Agnetha Fältskog chronology
| Kom följ med i vår karusell (1987) | I Stand Alone (1987) | My Love, My Life (1996) |

Singles from I Stand Alone
- "The Last Time" Released: 15 January 1988; "I Wasn't the One (Who Said Goodbye)" Released: January 1988; "Let It Shine" Released: 12 September 1988;

= I Stand Alone (Agnetha Fältskog album) =

I Stand Alone is the third English-language solo studio album, and tenth overall, by Swedish singer and former ABBA member Agnetha Fältskog, first released on 9 November 1987 in Sweden by WEA Records. It was produced by former Chicago member Peter Cetera and would be her last album for 17 years.

Despite limited promotion, which included only music video recordings and a few interviews, the album managed to sell half a million copies.

==Overview==
In 1978, Fältskog met Cetera in the UNICEF charity show, performing as part of their groups ABBA and Chicago. Cetera desired to collaborate with Fältskog in the future and had kept in touch. Cetera regularly sent songs that he thought were suitable for Fältskog. Slowly, but surely, the album took shape.

Recorded mainly in Los Angeles and Malibu, California, I Stand Alone was produced by Peter Cetera, the former singer and bass guitar player with American rock band Chicago. He duetted with Fältskog on the track "I Wasn't the One (Who Said Goodbye)", written by Mark Mueller and Aaron Zigman, which was a Top 20 Adult Contemporary Hit on the Billboard chart in the US. The co-producer of the album was Bruce Gaitsch, with whom Fältskog was in a relationship at the time. It was the first time after ABBA broke up that Fältskog worked under strict production management. Fältskog felt that I Stand Alone, despite the lack of her own songs, was her most personal album.

Fältskog made a very rare trip on an airplane to Los Angeles to record the album. After it was completed, she did not fly again for years due to her much-publicised fear of flying. She did, however, admit that the flight was worth it. The resulting musical style of the album was very different from the European sounds of Faltskog's previous two albums, and reflected the West Coast American influences of the producers. Fältskog had also refused to tour, disappointing the record company. The singer instead wanted to promote the album through shortcuts including videos and open-ended interviews, where presenters could record their own questions. Fältskog stated that she could afford to disagree with the record company, since she had largely financed the record herself.

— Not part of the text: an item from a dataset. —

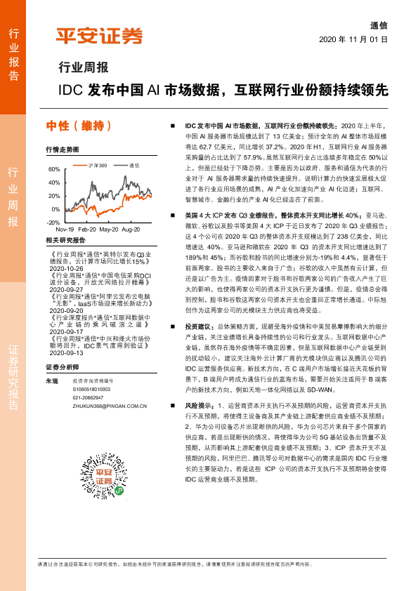 【平安证券】【20201101】IDC发布中国AI市场数据,互联网行业份额持续领先-6页

The track "Love in a World Gone Mad" was a cover version of a song by British pop group Bucks Fizz, from their 1986 album Writing on the Wall.

Fältskog also made several promo videos for singles from the album, including "The Last Time" and "Let It Shine". When the third single, "I Wasn't the One (Who Said Goodbye)", appeared on the US Billboard Hot 100 in April 1988, Warner Music asked her to make another video immediately. Although it was a duet with Peter Cetera, he did not appear in the video.

On the cover of the album and in promotional interviews, Fältskog appeared with a "new" spiky blonde hair look. The album cover picture was taken by Alberto Tolot, who had transformed Fältskog's hair.

== Estoy sola ==
The album was released as Estoy sola for the Latin American market on LP and cassette in 1987. All of the song titles were translated into Spanish, but only two were actually re-recorded with new Spanish vocals by Fältskog and Cetera: "Yo no fui quién dijo adiós" ("I Wasn't the One (Who Said Goodbye)") and "La última vez" ("The Last Time"). The Spanish versions of these tracks were written by Cruz Baca Sembello.

==Reception==
Upon its release, Music & Media picked I Stand Alone as their "Album of the Week". The magazine described the album as a "goldmine of hit singles" and noted its "crystalline production" and "stunningly good songwriting in 'Adult Contemporary' vein". Cash Box noted: "Faltskog shines on this Peter Cetera-produced project."

The album became Sweden's best-selling LP of 1988, where it remained at No. 1 for eight weeks. It also reached the Top 20 in Norway and the Netherlands, but fared less well on charts elsewhere, only reaching No. 47 in West Germany, No. 72 in the United Kingdom, No. 93 in Japan and No. 96 in Australia. "I Wasn't the One (Who Said Goodbye)" became Fältskog's second entry on the Billboard Hot 100 reaching No. 93. It also reached No. 19 on the Adult Contemporary chart in the US.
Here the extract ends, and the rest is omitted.